> [THE PROBLEM]:
Omit the pictures and extract only the lines from the line containing "BRIGHTFUFU 1 Set" to the end of the material, each exactly as written.

====== DATA BLOCK

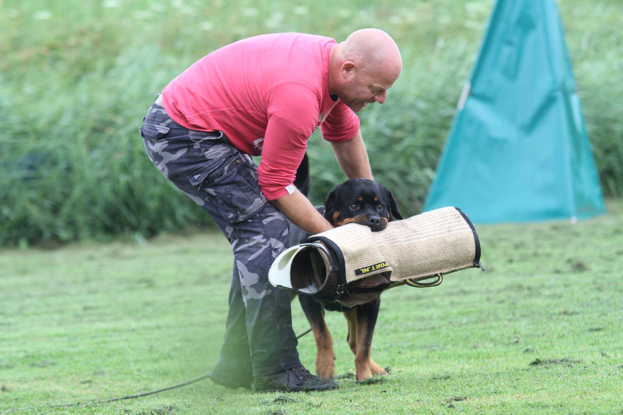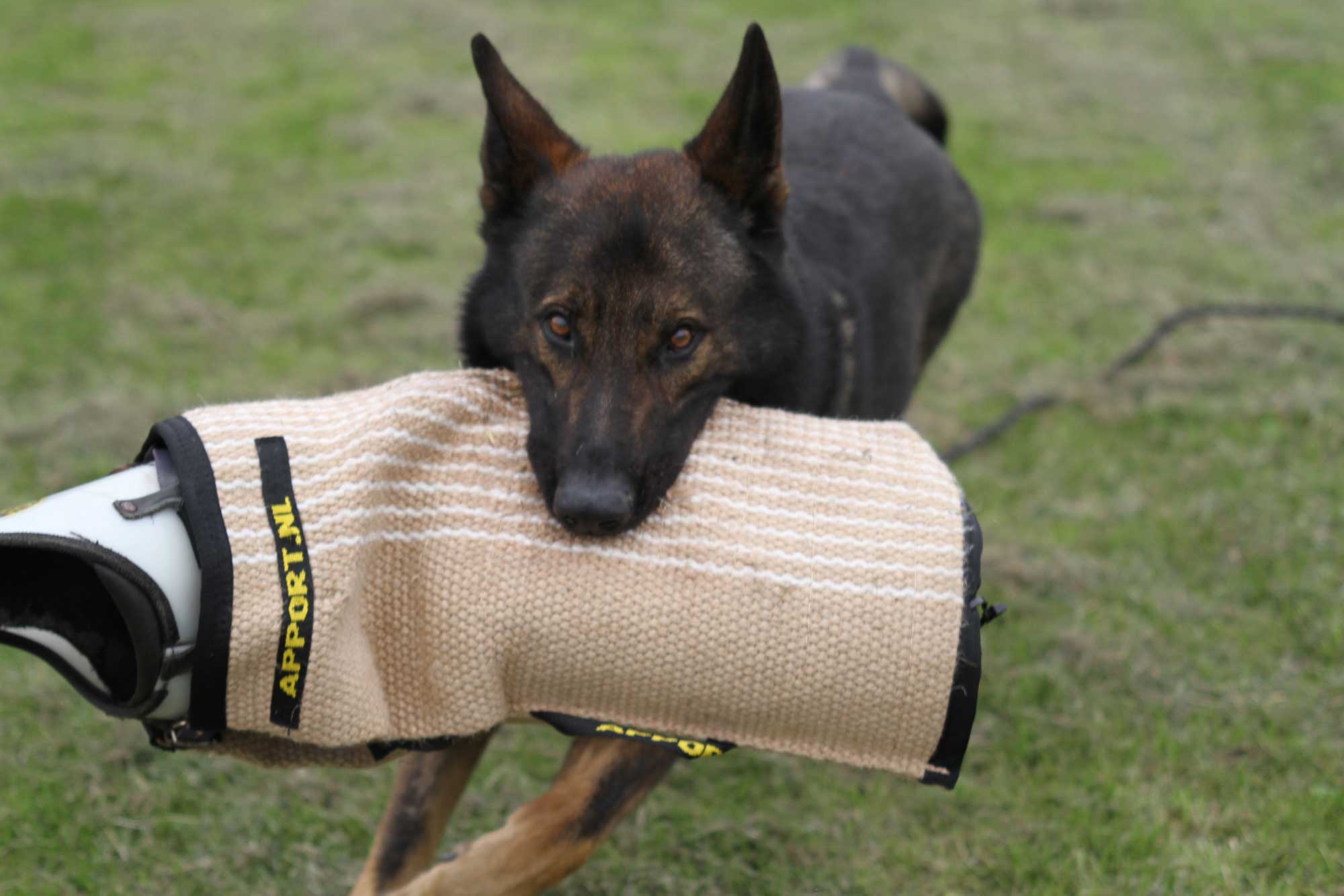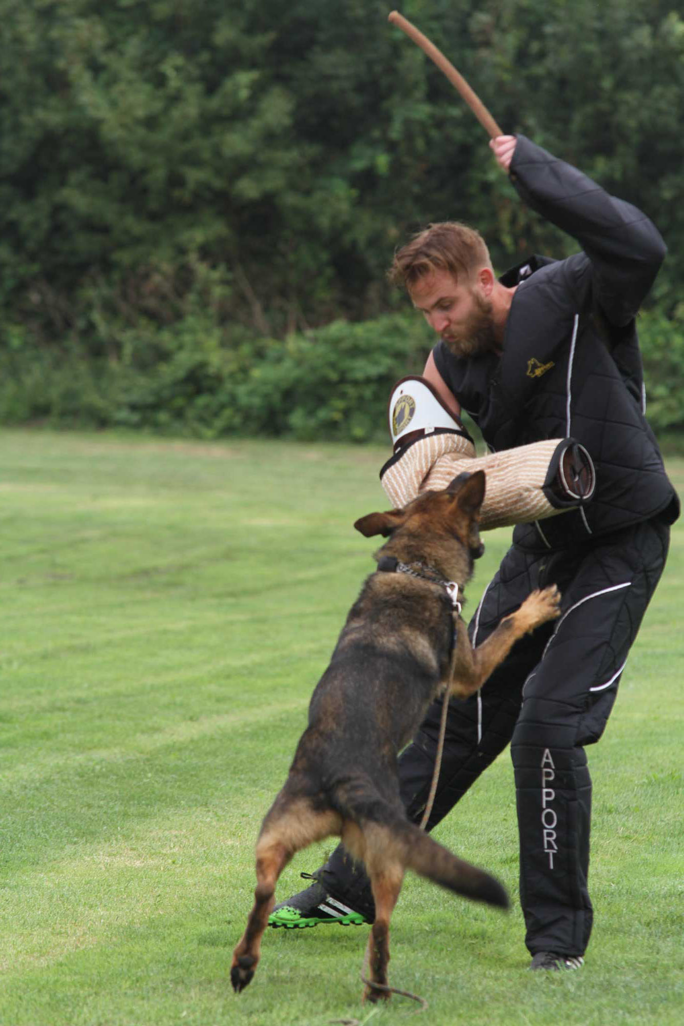 Bij het manwerk is de rode draad, dat de hond op commando de pakwerker zelfstandig staande houdt. Zo moet de hond tot maximaal 6 ‘verstekken’ (schuttingen) inspecteren, waar de pakwerker, zonder gezien te worden, zich kan verstoppen voor de hond. Als de hond de pakwerker gevonden heeft, moet hij, zonder deze aan te raken, beletten dat deze kan vluchten.
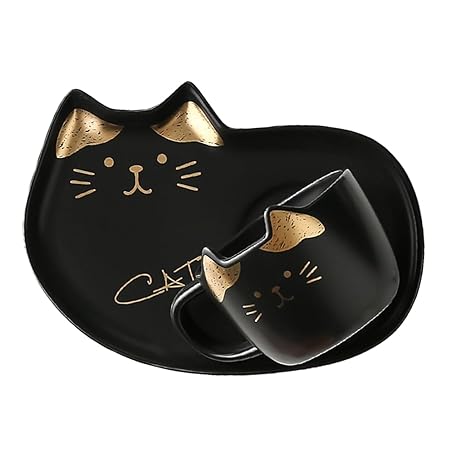 BRIGHTFUFU 1 Set Black Ceramic Cat Design Coffee Mug and Saucer Cute Drink Cup for Home Office Ideal for Tea Milk and Snacks
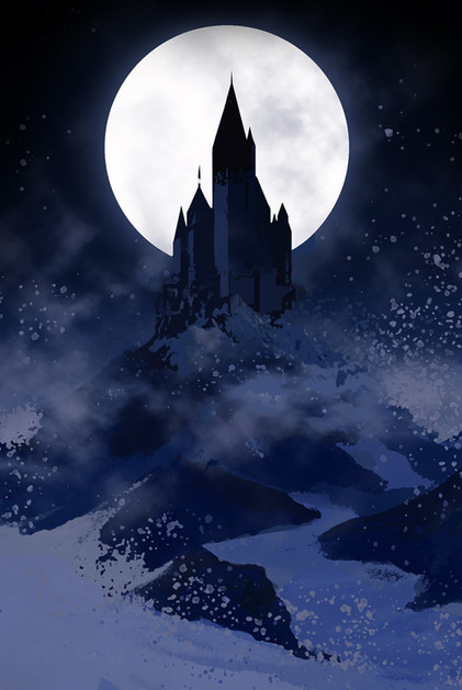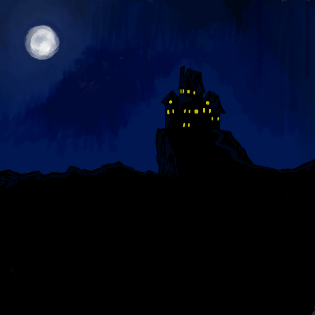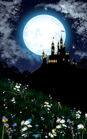 #bats #castle #fanatsy #moon #mountains #night #rabbit #trees #illustration
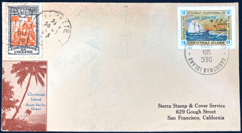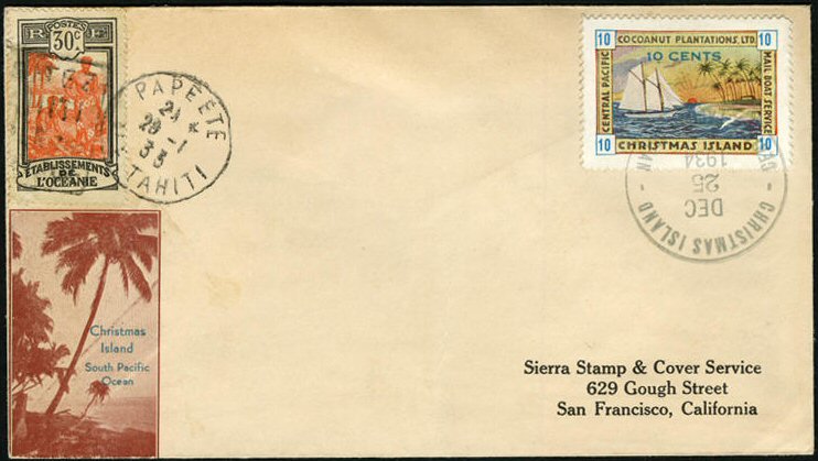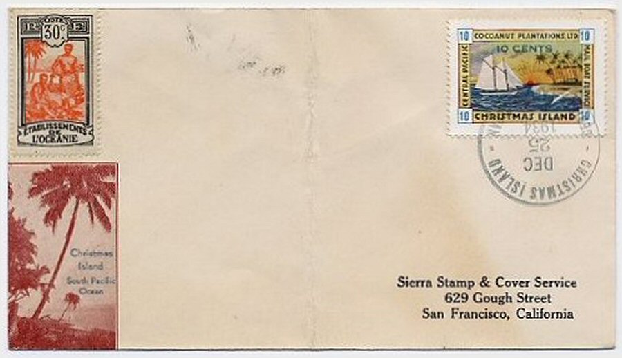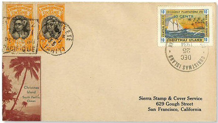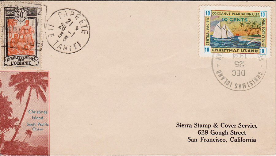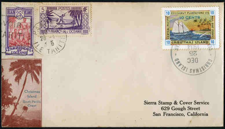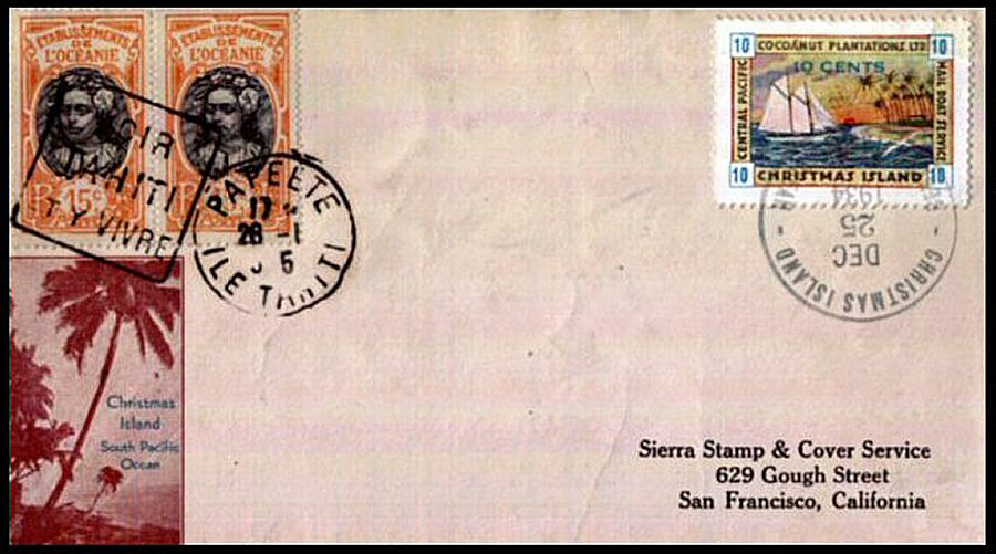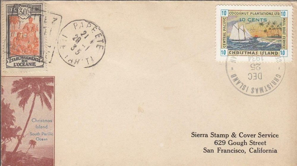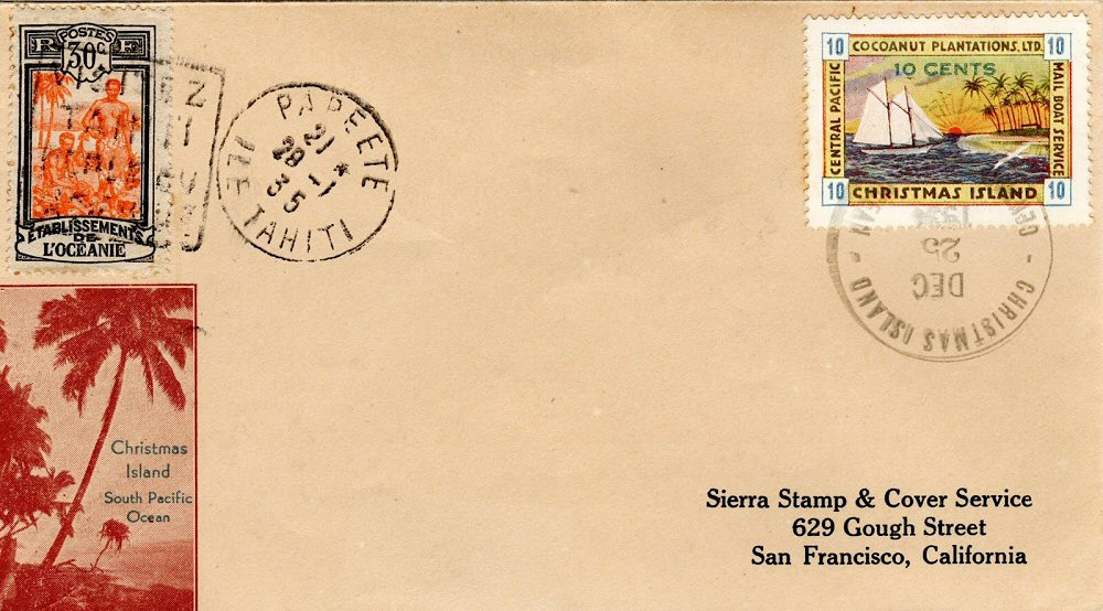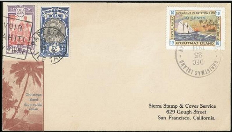 This company advertised for instance in the boyscout paper: "Boy's Life" 1935: Mailed from Christmas Island: South Pacific, via Papeete, a beautifull

============

> [TASK RESPONSE]:
 BRIGHTFUFU 1 Set Black Ceramic Cat Design Coffee Mug and Saucer Cute Drink Cup for Home Office Ideal for Tea Milk and Snacks
 #bats #castle #fanatsy #moon #mountains #night #rabbit #trees #illustration
 This company advertised for instance in the boyscout paper: "Boy's Life" 1935: Mailed from Christmas Island: South Pacific, via Papeete, a beautifull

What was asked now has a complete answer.